— Source material —
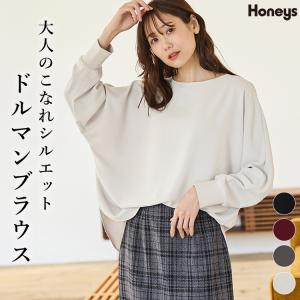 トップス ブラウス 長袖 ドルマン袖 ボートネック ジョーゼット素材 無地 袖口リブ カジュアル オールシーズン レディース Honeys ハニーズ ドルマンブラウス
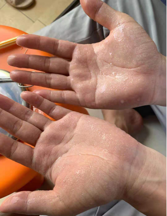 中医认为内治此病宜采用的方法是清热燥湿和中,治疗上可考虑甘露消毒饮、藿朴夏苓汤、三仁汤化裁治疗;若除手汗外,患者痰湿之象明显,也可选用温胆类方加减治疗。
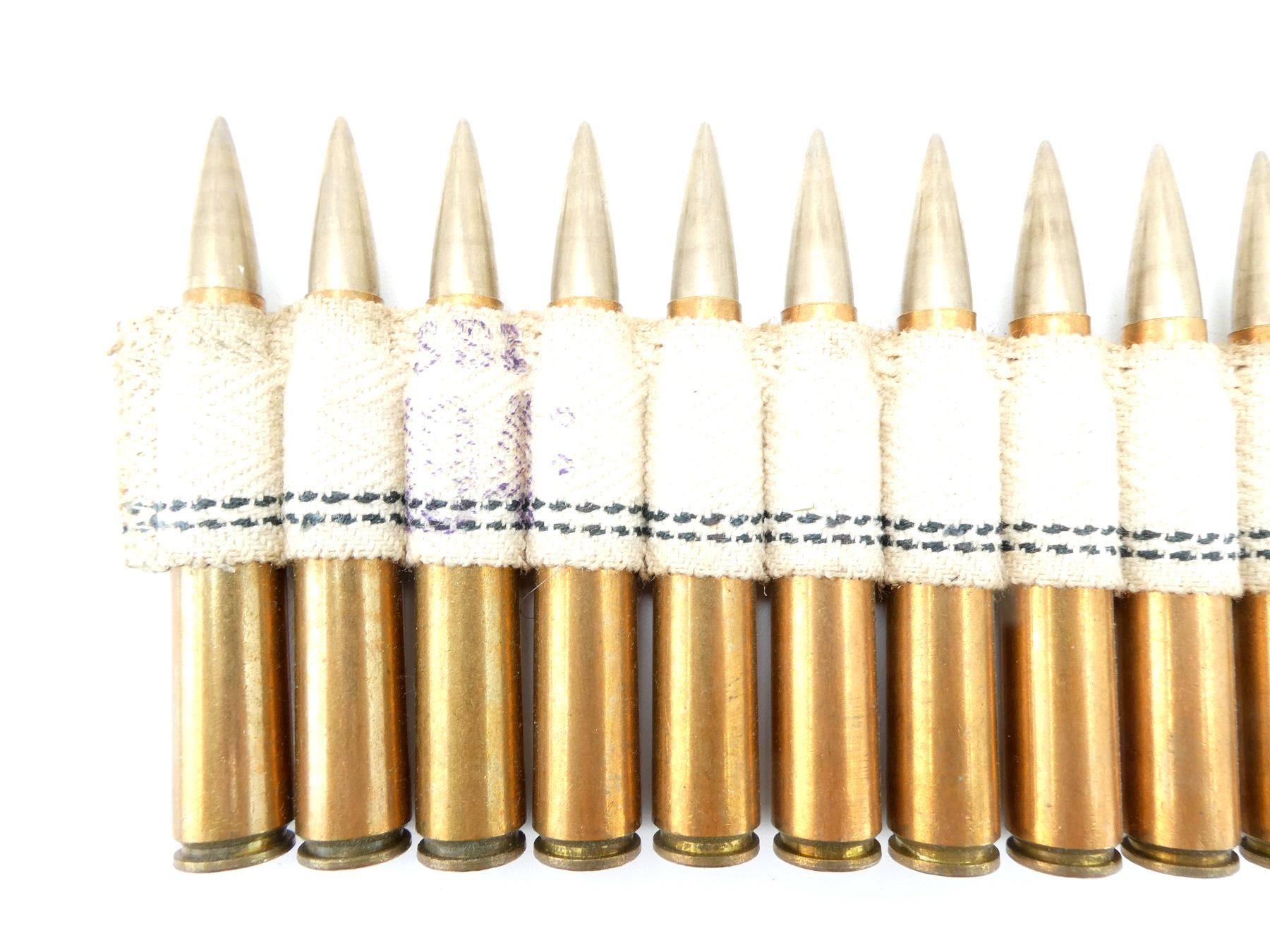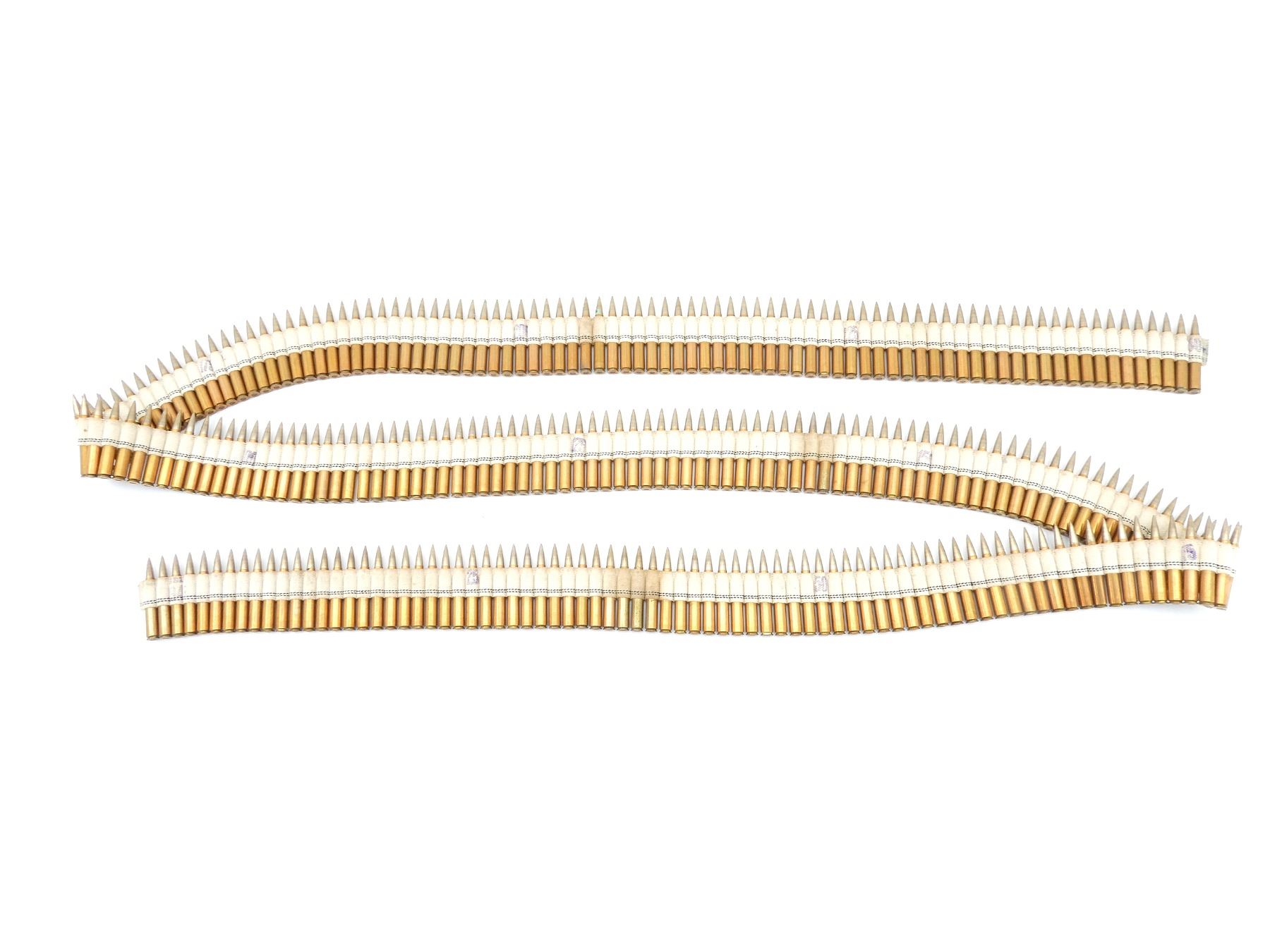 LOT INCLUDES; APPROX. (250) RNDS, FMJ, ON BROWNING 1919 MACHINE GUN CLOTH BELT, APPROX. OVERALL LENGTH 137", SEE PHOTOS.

— Exercise details —
Every word of the material, and none of its pictures, should be set down again.

— Exercise result —
 トップス ブラウス 長袖 ドルマン袖 ボートネック ジョーゼット素材 無地 袖口リブ カジュアル オールシーズン レディース Honeys ハニーズ ドルマンブラウス
 中医认为内治此病宜采用的方法是清热燥湿和中,治疗上可考虑甘露消毒饮、藿朴夏苓汤、三仁汤化裁治疗;若除手汗外,患者痰湿之象明显,也可选用温胆类方加减治疗。
 LOT INCLUDES; APPROX. (250) RNDS, FMJ, ON BROWNING 1919 MACHINE GUN CLOTH BELT, APPROX. OVERALL LENGTH 137", SEE PHOTOS.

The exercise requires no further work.